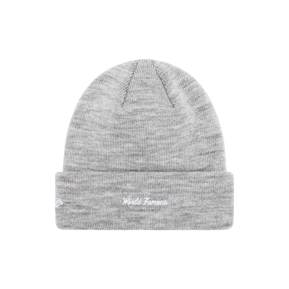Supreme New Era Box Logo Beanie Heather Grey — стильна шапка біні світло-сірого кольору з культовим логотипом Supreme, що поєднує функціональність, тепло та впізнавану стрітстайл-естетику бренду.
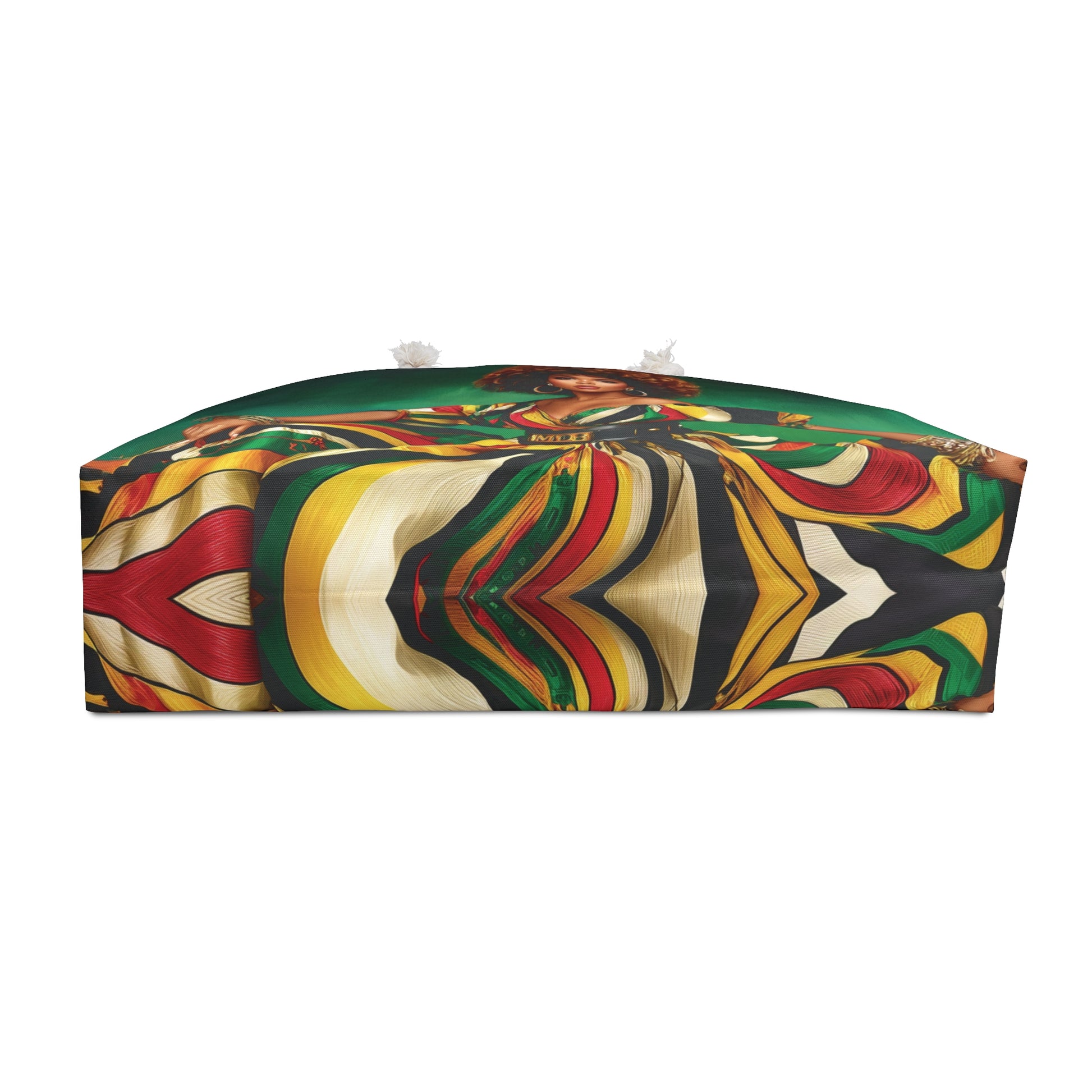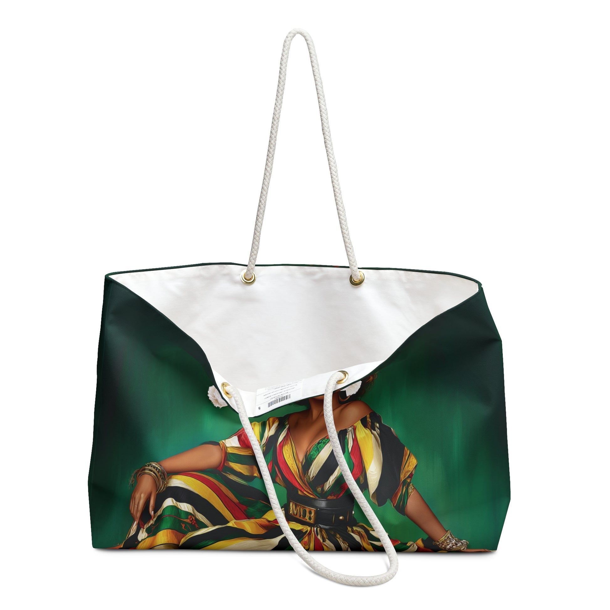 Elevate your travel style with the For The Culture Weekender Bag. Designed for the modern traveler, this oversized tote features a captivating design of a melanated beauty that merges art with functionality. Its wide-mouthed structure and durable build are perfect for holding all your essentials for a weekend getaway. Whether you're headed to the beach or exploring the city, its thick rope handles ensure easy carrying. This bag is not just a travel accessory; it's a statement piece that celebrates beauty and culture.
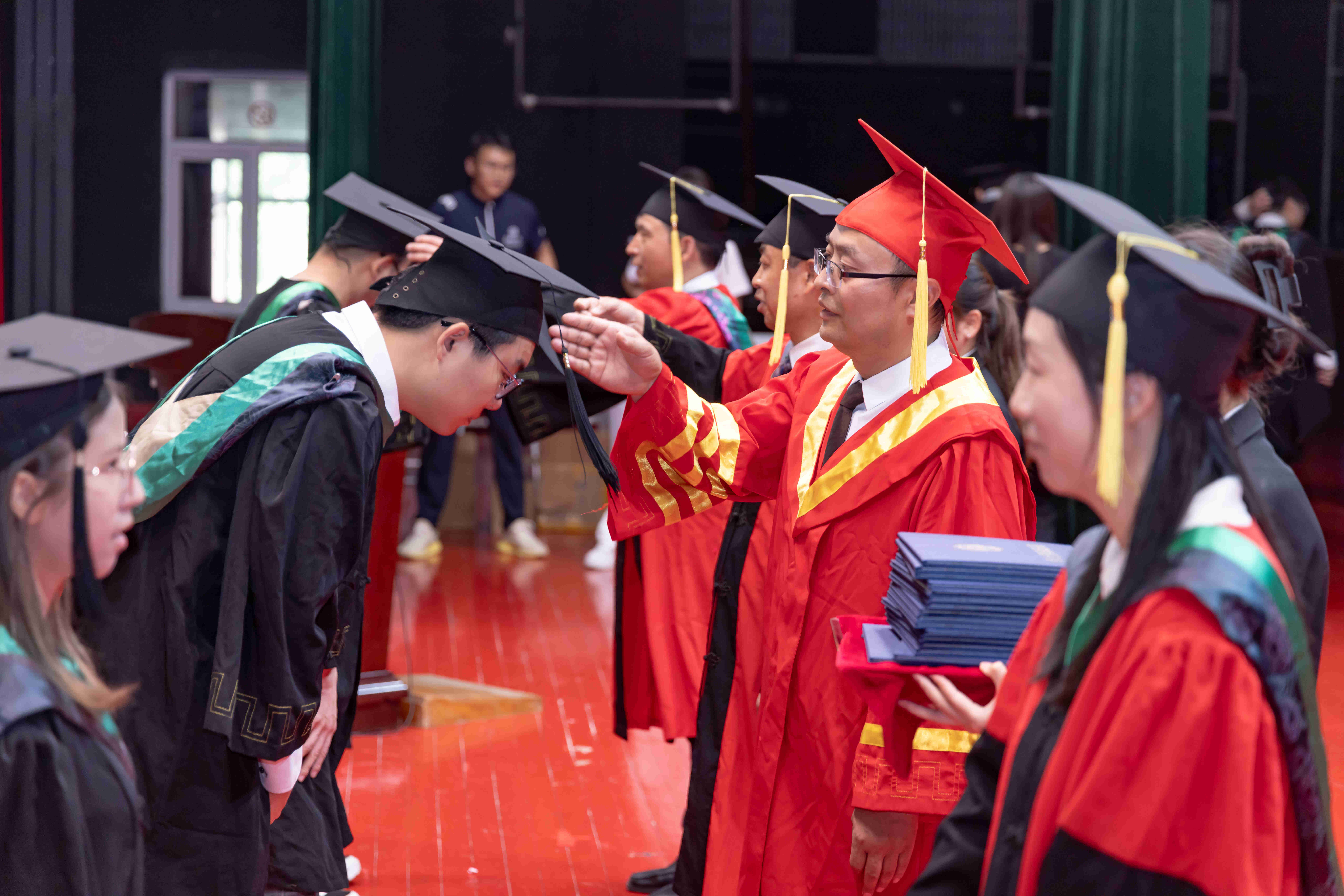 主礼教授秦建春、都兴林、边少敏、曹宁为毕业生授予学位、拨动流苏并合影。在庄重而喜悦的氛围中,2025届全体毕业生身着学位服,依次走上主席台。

——————

* [Instructions to follow]:
Repeat the material above in full and exactly, omitting the pictures.

* [Reply to the task]:
Supreme New Era Box Logo Beanie Heather Grey — стильна шапка біні світло-сірого кольору з культовим логотипом Supreme, що поєднує функціональність, тепло та впізнавану стрітстайл-естетику бренду.
 Elevate your travel style with the For The Culture Weekender Bag. Designed for the modern traveler, this oversized tote features a captivating design of a melanated beauty that merges art with functionality. Its wide-mouthed structure and durable build are perfect for holding all your essentials for a weekend getaway. Whether you're headed to the beach or exploring the city, its thick rope handles ensure easy carrying. This bag is not just a travel accessory; it's a statement piece that celebrates beauty and culture.
 主礼教授秦建春、都兴林、边少敏、曹宁为毕业生授予学位、拨动流苏并合影。在庄重而喜悦的氛围中,2025届全体毕业生身着学位服,依次走上主席台。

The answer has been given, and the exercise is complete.